Realistically you need +300GB/s fast access memory to the accelerator, with enough memory to fully hold at least greater than 4bit quants. That's at least 380GB of memory. You can gimmick a demo like this with an ssd, but the ssd is just not fast enough to meet the minim specs for anything more than showing off a neat trick on twitter.
The only hope for a handheld execution of a practical, and capable AI model is both an algorithmic breakthrough that does way more with less, and custom silicon designed for running that type of model. The transformer architecture is neat, but it's just not up for that task, and I doubt anyone's really going to want to build silicon for it.
russellbeattie 50 minutes ago [-]
I have some macro opinions about Apple - not sure if I'm correct, but tell me what you think.
Apple has always seen RAM as an economic advantage for their platform: Make the development effort to ensure that the OS and apps work well with minimal memory and save billions every year in hardware costs.
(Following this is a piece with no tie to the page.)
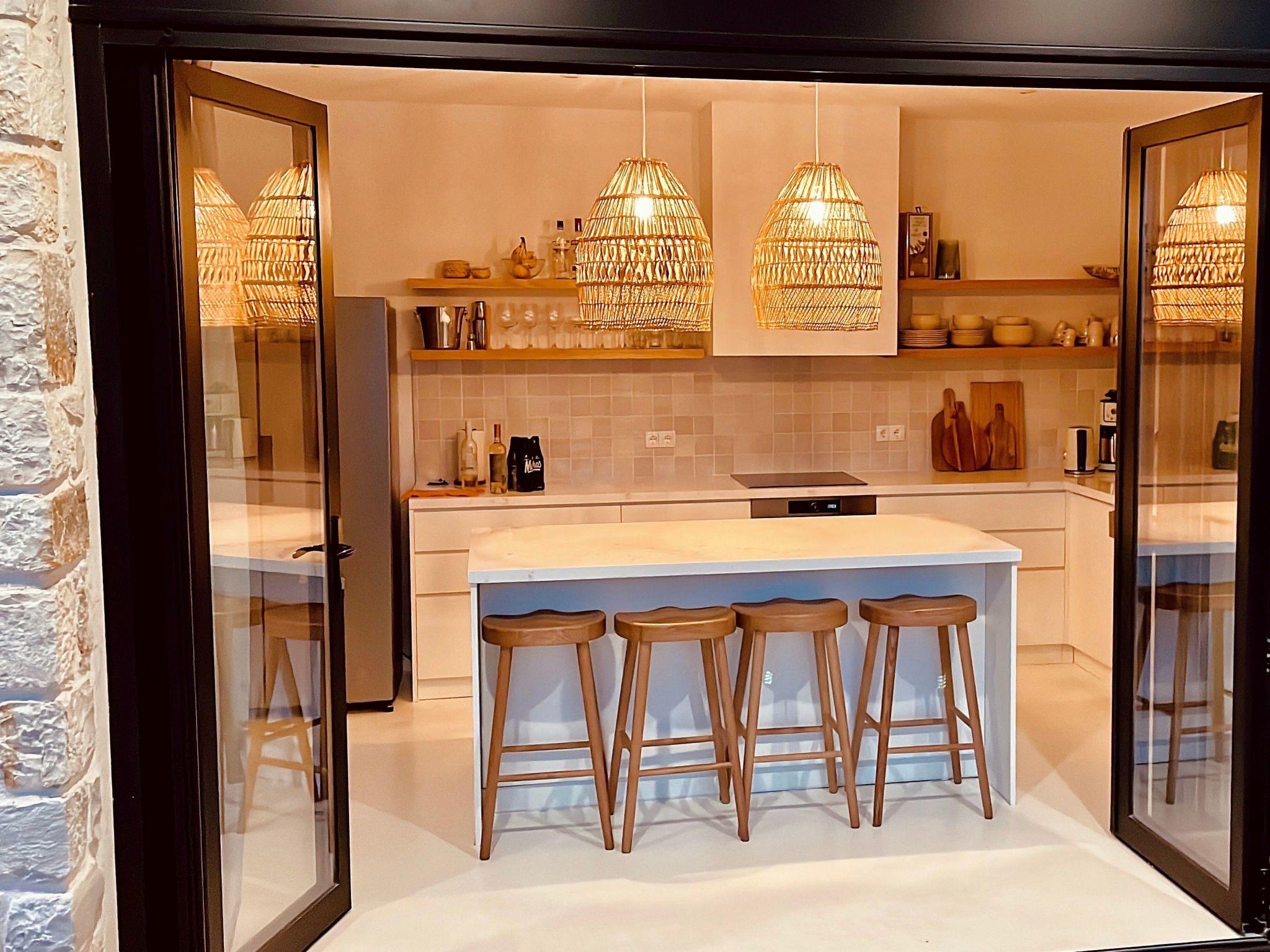 Nepenthe is a modest, yet luxurious two-bedroom villa with lots of character. The design is inspired by the traditional Greek style, infused with modern minimalism and attention to comfort. There's WiFi access from everywhere (except the back garden) and there's airconditioning in every room. Each bedroom has its own bathroom and access to the balcony.Downstairs, there's a living room with a closed fireplace and a 55 inch smart TV with satellite connection and Netflix. There's a fully equipped kitchen with an island, an oven and a big fridge. The main dining area is outside, under the pergola on the terrace. It will comfortably seat up to six people.The living room and kitchen have panoramic folding doors. When these are opened, the ground floor changes into one indoor-outdoor space with lots of space, light and a seamless transition with the terrace.Outside, you get the feeling of a self-contained resort, with a long pool and an outdoor shower, surrounded by tropical plants. Behind the house, there's a cozy stone garden with mediterranean plants. It has a comfortable seating area with an outdoor fireplace, perfect for cozy comfort in the evenings.The best place in the house is probably the patio on the roof. Surrounded by a herbal garden, there's lots of space to relax in the lounge and enjoy the breathtaking views over the valley with its olive trees, the surrounding mountains and the vast ocean. The culture in Crete revolves around open air cooking and eating. The rooftop dining area is equipped with an outdoor kitchen and a gas BBQ, perfect for a large lunch or dinner.

In 2026, iPhones still come with 8Gb of RAM, Pro/Max come with 12Gb.
The problem is that AI (ML/LLM training and inference) are areas where you can't get around the need for copious amounts of fast working memory. (Thus the critical shortage of RAM at the moment as AI data centers consume as many memory chips as possible.)
Unless there's something I don't know (which is more than possible) Apple can't code their way around this problem, nor create specialized SoCs with ML cores that obviate the need for lots and lots of RAM.
So, it's going to be interesting whether they accept this reality and we start seeing the iPhones in the future with 16Gb, 32Gb or more as standard in order to make AI performant. And if they give up on adding AI to the billions of iPhones with minimal RAM already out there.
As a side note, 8Gb of RAM hasn't been enough for a decade. It prevents basic tasks like keeping web tabs live in the background. My pet peeve is having just a few websites open, and having the page refresh when swapping between them because of aggressive memory management.
To me, Apple's obvious strength is pushing AI to the edge as much as possible. While other companies are investing in massive data centers which will have millions of chips that will be outdated within the next couple years, Apple will be able to incrementally improve their ML/AI features by running on the latest and greatest chips every year. Apple has a huge advantage in that they can design their chips with a mega high speed bus, which is just as important as the quantity of RAM.
But all that depends on Apple's willingness to accept that RAM isn't an area they can skimp on any more, and I'm not sure they will.
Sorry for the brain dump. I'd love to be educated on this in case I'm totally off base.
ecshafer 9 seconds ago [-]
In a recent episode of Dwarkesh the guest who is a semiconductor industry analyst predicted that an iPhone will increase in price by about $250 for the same stuff due to increased ram/chip costs from AI. Apple will not be able to afford to put a bunch more RAM into the phones and still sell them.
zozbot234 30 minutes ago [-]
RAM is just too expensive. We need to bring back non-DRAM persistent memory that doesn't have the wearout issues of NAND.
ottah 34 minutes ago [-]
Possibly this just isn't the generation of hardware to solve this problem in? We're like, what three or four years in at most, and only barely two in towards AI assisted development being practical. I wouldn't want to be the first mover here, and I don't know if it's a good point in history to try and solve the problem. Everything we're doing right now with AI, we will likely not be doing in five years. If I were running a company like Apple, I'd just sit on the problem until the technology stabilizes and matures.
bigyabai 30 minutes ago [-]
If I was running a company like Apple, I'd be working with Khronos to kill CUDA since yesterday. There are multiple trillions of dollars that could be Apple's if they sign CUDA drivers on macOS, or create a CUDA-compatible layer. Instead, Apple is spinning their wheels and promoting nothingburger technology like the NPU and MPS.
It's not like Apple's GPU designs are world-class anyways, they're basically neck-and-neck with AMD for raster efficiency. Except unlike AMD, Apple has all the resources in the world to compete with Nvidia and simply chooses to sit on their ass.
zozbot234 23 minutes ago [-]
CUDA is not the real issue, AMD's HIP offers source-level compatibility with CUDA code, and ZLUDA even provides raw binary compatibility. nVidia GPUs really are quite good, and the projected advantages of going multi-vendor just aren't worth the hassle given the amount of architecture-specificity GPUs are going to have.
bigyabai 22 minutes ago [-]
Okay, then don't kill CUDA, just sign CUDA drivers on macOS instead and quit pretending like MPS is a world-class solution. There are trillions on the table, this is not an unsolvable issue.
This has nothing to do with Apple, and everything to do with MoE and that everyone forgot you can re-read the necessary bits of the model from disk for each token.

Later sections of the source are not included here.